• _Source material_
-*-

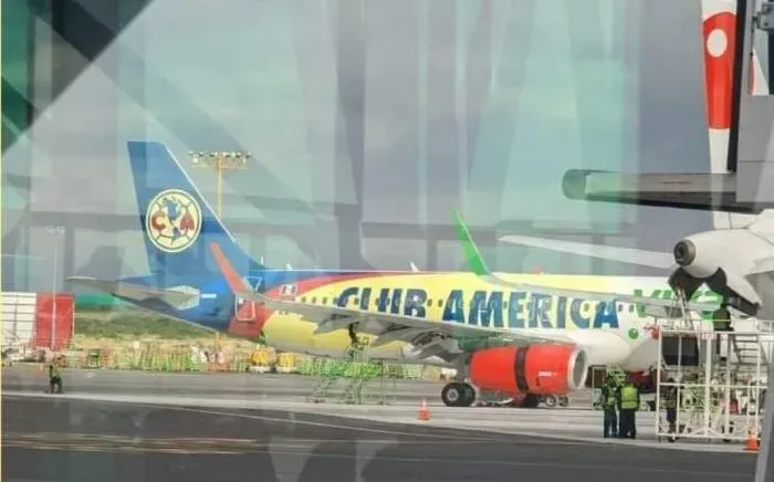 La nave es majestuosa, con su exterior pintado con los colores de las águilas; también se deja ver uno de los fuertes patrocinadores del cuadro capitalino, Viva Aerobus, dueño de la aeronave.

-*-

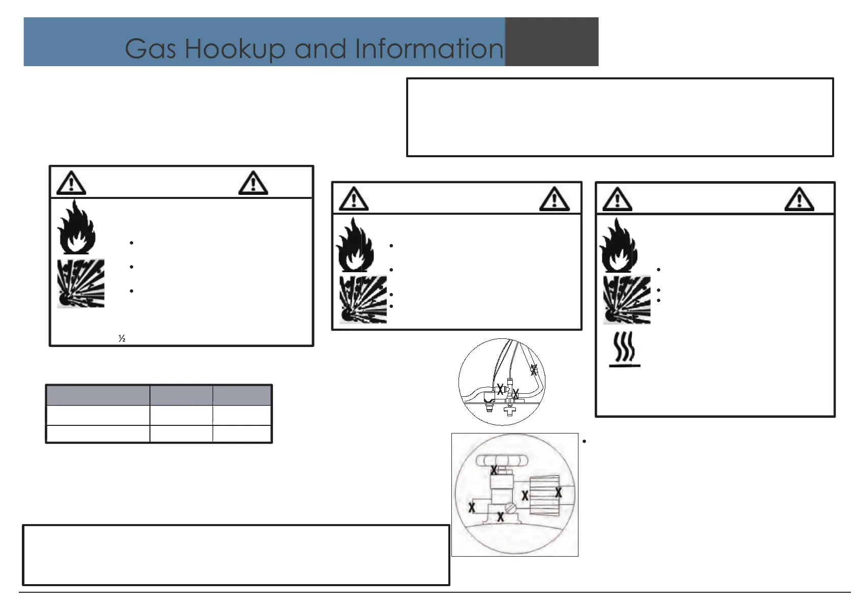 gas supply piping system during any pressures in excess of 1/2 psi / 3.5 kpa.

-*-

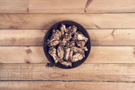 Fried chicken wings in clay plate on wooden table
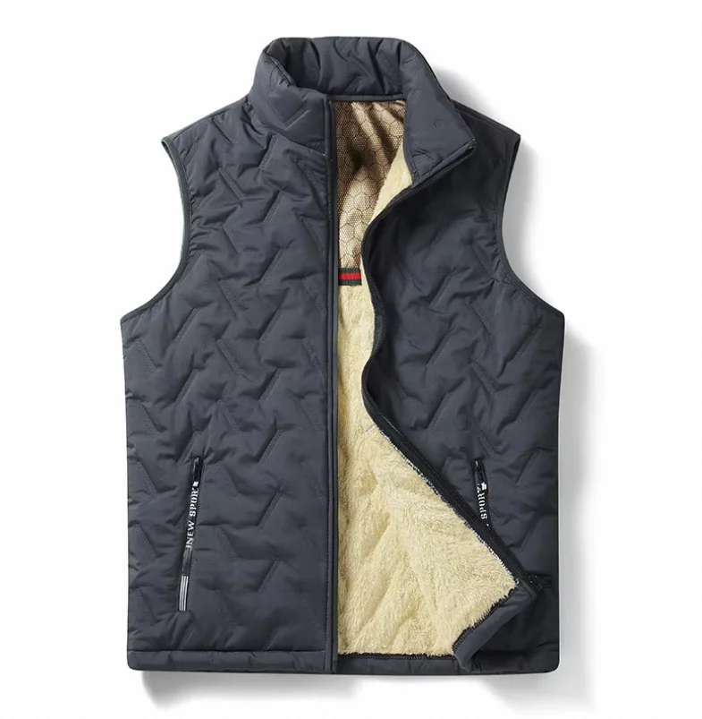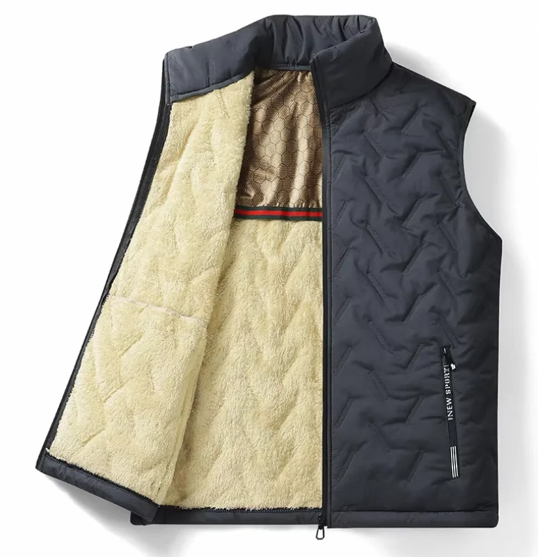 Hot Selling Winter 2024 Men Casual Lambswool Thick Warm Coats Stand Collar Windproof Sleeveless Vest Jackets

-*-

• _Problem_
Return word for word the lines of the listing above, starting at the line with "Fried chicken wings" and ending at the line with "Hot Selling Winter", both included. Pictures do not belong in the copy.

• _Worked solution_
 Fried chicken wings in clay plate on wooden table
 Hot Selling Winter 2024 Men Casual Lambswool Thick Warm Coats Stand Collar Windproof Sleeveless Vest Jackets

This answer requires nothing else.